I looked at him. His cheeks sagged and his eyes had so many bags under them he reminded me of a melting candle.

I didn’t want to say the real reason. If Marion was alive I didn’t want Hendrich knowing about her. I didn’t trust anyone.

‘Come on, we are here to help you. You were born in a château. You were made for fine things, Tom. We will restore you to that life. And to your daughter.’

I felt things contract around me. ‘My daughter?’

‘I read Dr Hutchinson’s report. About Marion. Don’t worry, we will search for her. We will find her, I promise you.

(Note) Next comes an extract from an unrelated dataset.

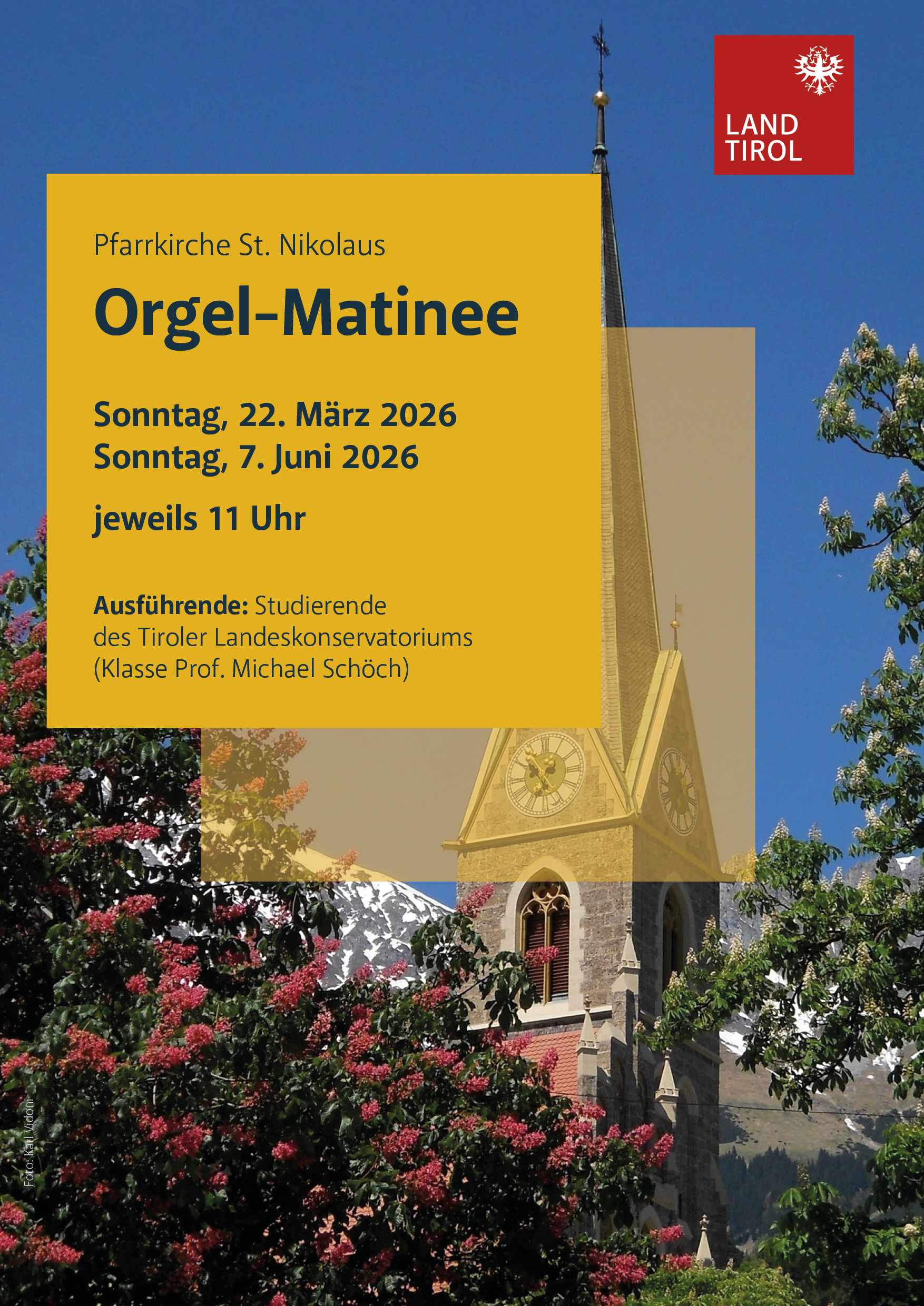 ORGELMATINÉE - eine Stunde lang am Sonntag um 11 Uhr. Im wunderbaren neugotischen Raum der Pfarrkirche St. Nikolaus in Innsbruck Orgelmusik genießen. Es spielen Studierende des Tiroler Landeskonservatoriums und des Mozarteums Innsbruck (Klasse Prof. Michael Schöch).

If she’s alive we will find her. We will find all of us. And as new generations emerge we will find them too.’

I was scared, but also, I confess, a little thrilled at the idea that I could get help in my search for Marion. I felt, suddenly, less alone.

There was a decanter of whisky on his desk. And three glasses. He poured a round of whisky without asking if we wanted one. As it happened, I did, to calm my nerves.

He read the label. ‘Look at this. “Wexford Old Irish Malt Whiskey Liquor. A Taste of the Past.” A taste of the past! When I was a young man, whisky didn’t even exist.’ His accent was hard to place. Not fully American. ‘But I’m a good deal older than you.’

He sighed wistfully and sat down behind the vast mahogany desk.

‘It’s strange, isn’t it? All the things that we have lived to see. In my case it’s quite a list: spectacles, the printing press, newspapers, rifles, compasses, the telescope . . . the pendulum clock . . . the piano . . . Impressionist paintings . . . photography . . . Napoleon . . . champagne . . . semi-colons . . . billboards . . . the hot dog . . .’

He must have seen the confused look on my face.

‘Of course, Agnes. The poor man has never had a hot dog before. We must take him to Coney Island. They have the best in the whole city.’

‘They sincerely do,’ said Agnes, who seemed to have lost a little of her sharpness around him.

‘Is it food?’ I asked.

‘Yes.’ He laughed, drily. ‘It’s a sausage. A special sausage. A Dachshund sausage. A special little frankfurter. It’s heaven in a bun. It’s what all of civilisation has been heading towards . . . If I’d have known, growing up in Flanders, that one day I would get to taste a hot dog. Well!’

It seemed strange. Had I been sent across the ocean – leaving a man dead behind me – to indulge in a conversation about sausages?

‘Pleasure. That is the aim, isn’t it? To enjoy good things . . . fine things. Food. Liquor. Art. Poetry. Music. Cigars.’

He took a cigar from his desk, along with a chrome lighter.